> WORK TO BE COMPLETED: Apart from the pictures, every line below needs to be reproduced verbatim.

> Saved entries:
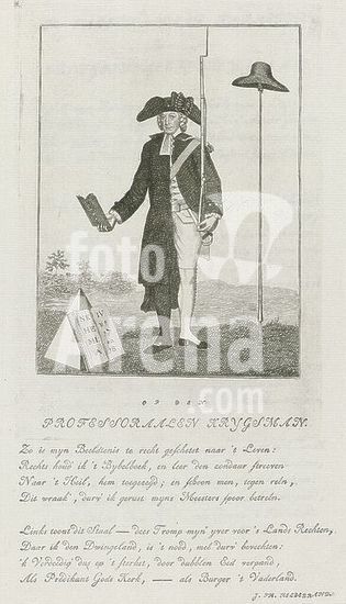 alb15770787 Patriotic preacher Johan Jacob le Sage ten Broek, 1785, Op den Professoraalen Krygsman (title on object), Performance in honor of the Rotterdam patriotic preacher and professor Johan Jacob le Sage ten Broek, ca. 1785. Ten Broek presented for one half as member of a free corps in uniform with a rifle and the other half as a preacher with a Bible in hand. Next to him a lance with a freedom hat. On the floor an open Bible on the book of Nehemiah. On the page under the plate two four-line verses. The print includes a text sheet with more verses., print, print maker: anonymous, J.Ph. Hildebrand, (mentioned on object), Northern Netherlands, 1785, paper, etching, engraving, letterpress printing, height, 385 mm × width, 252 mm.
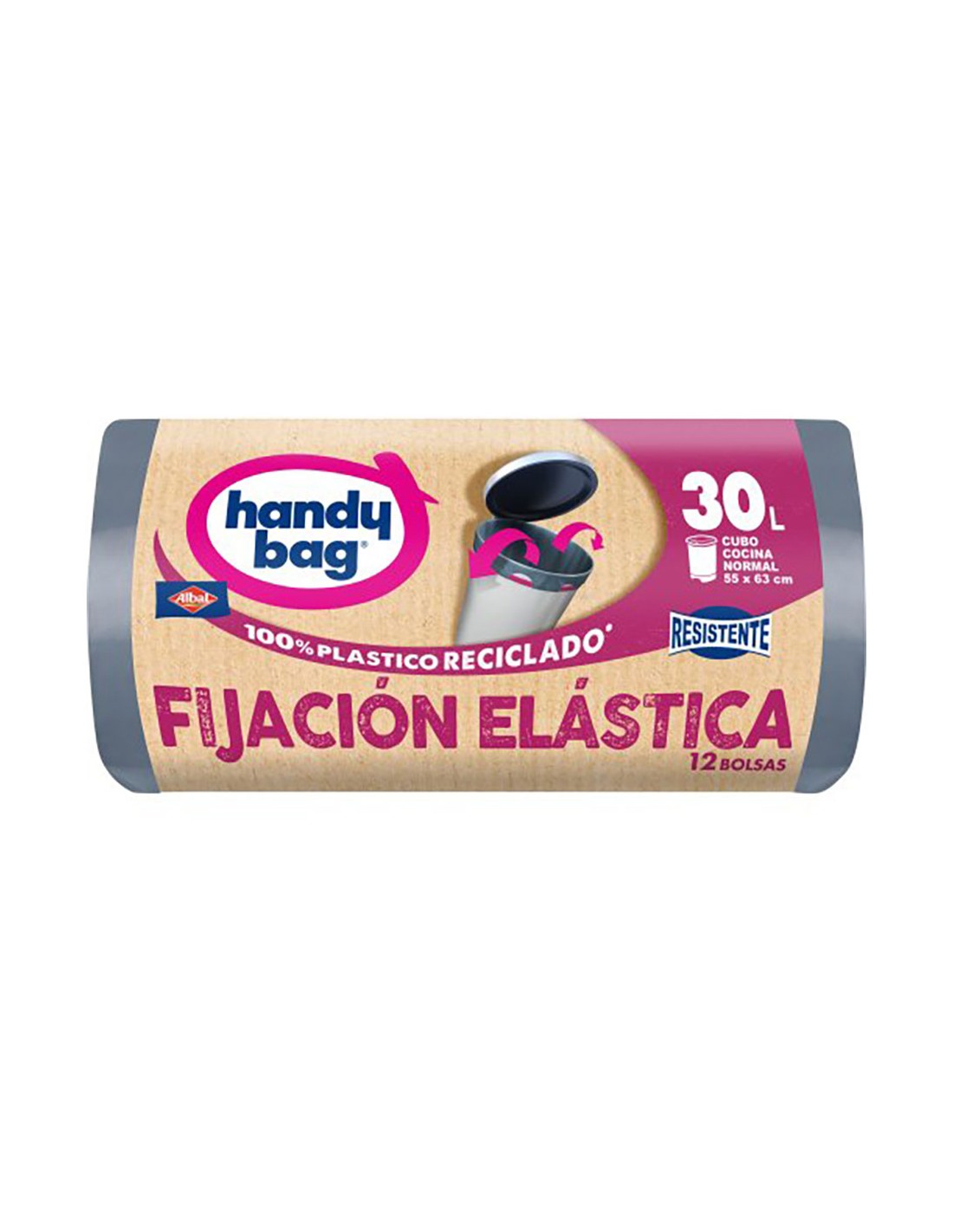 Bolsa de basura de 30 l, 12 uds, con sistema de fijación elástica que asegura un cierre perfecto. fabricada con material extra resistente para evitar fugas y roturas. idóneo para cocinas, oficinas y uso doméstico. 100 % plástico reciclado. medidas: 55 x 63 cm
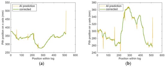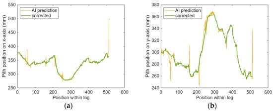 This comparison illustrates the x-coordinates (a) and y-coordinates (b) of the pith in log no. 3, as generated by the neural network and the improved algorithm. The trajectory is smoother, exhibiting fewer abrupt jumps, and aligns more closely with the expected position of the pith.
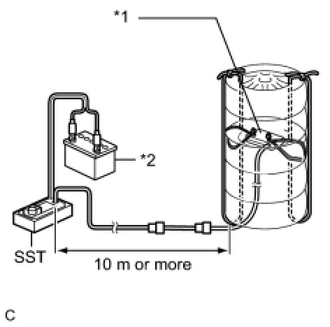 (2) Move SST at least 10 m (32.8 ft.) away from the airbag tied down to the tire.
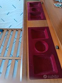 Camera da letto in legno completa di letto smontato con rete e un materasso, 2 comodini e una cassettiera con specchio.
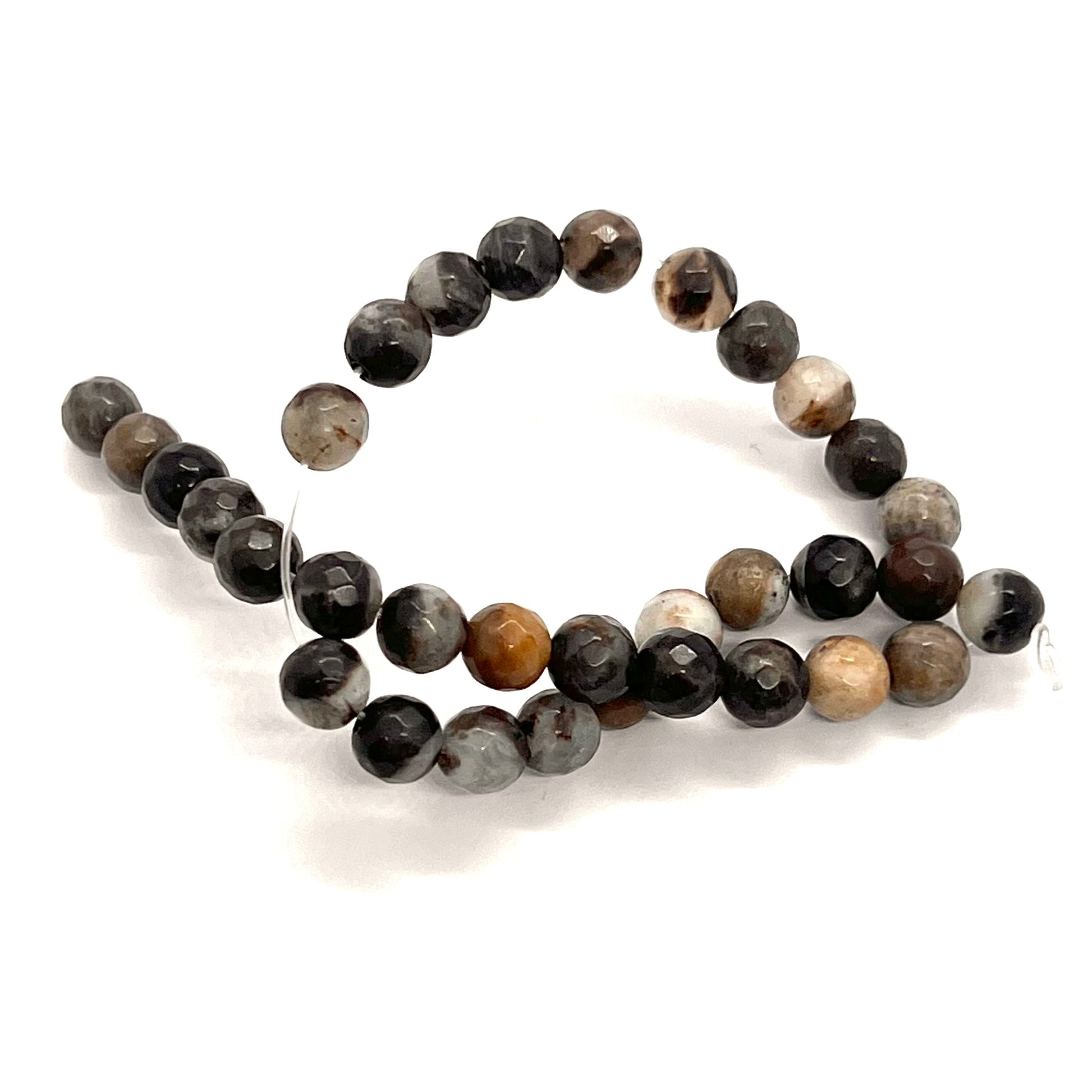 Approx 35 beads per strand Silver Leaf Jasper is mined in Madagascar at the base of the cliffs where the land meets the Indian Ocean Soft greys and charcoals with inclusions of taupe and honey tones Faceted for that little bit of sparkle Hole size 1mm Silver Leaf Jasper is said to be a very grounding stone.

> ANSWER SPACE:
 alb15770787 Patriotic preacher Johan Jacob le Sage ten Broek, 1785, Op den Professoraalen Krygsman (title on object), Performance in honor of the Rotterdam patriotic preacher and professor Johan Jacob le Sage ten Broek, ca. 1785. Ten Broek presented for one half as member of a free corps in uniform with a rifle and the other half as a preacher with a Bible in hand. Next to him a lance with a freedom hat. On the floor an open Bible on the book of Nehemiah. On the page under the plate two four-line verses. The print includes a text sheet with more verses., print, print maker: anonymous, J.Ph. Hildebrand, (mentioned on object), Northern Netherlands, 1785, paper, etching, engraving, letterpress printing, height, 385 mm × width, 252 mm.
 Bolsa de basura de 30 l, 12 uds, con sistema de fijación elástica que asegura un cierre perfecto. fabricada con material extra resistente para evitar fugas y roturas. idóneo para cocinas, oficinas y uso doméstico. 100 % plástico reciclado. medidas: 55 x 63 cm
 This comparison illustrates the x-coordinates (a) and y-coordinates (b) of the pith in log no. 3, as generated by the neural network and the improved algorithm. The trajectory is smoother, exhibiting fewer abrupt jumps, and aligns more closely with the expected position of the pith.
 (2) Move SST at least 10 m (32.8 ft.) away from the airbag tied down to the tire.
 Camera da letto in legno completa di letto smontato con rete e un materasso, 2 comodini e una cassettiera con specchio.
 Approx 35 beads per strand Silver Leaf Jasper is mined in Madagascar at the base of the cliffs where the land meets the Indian Ocean Soft greys and charcoals with inclusions of taupe and honey tones Faceted for that little bit of sparkle Hole size 1mm Silver Leaf Jasper is said to be a very grounding stone.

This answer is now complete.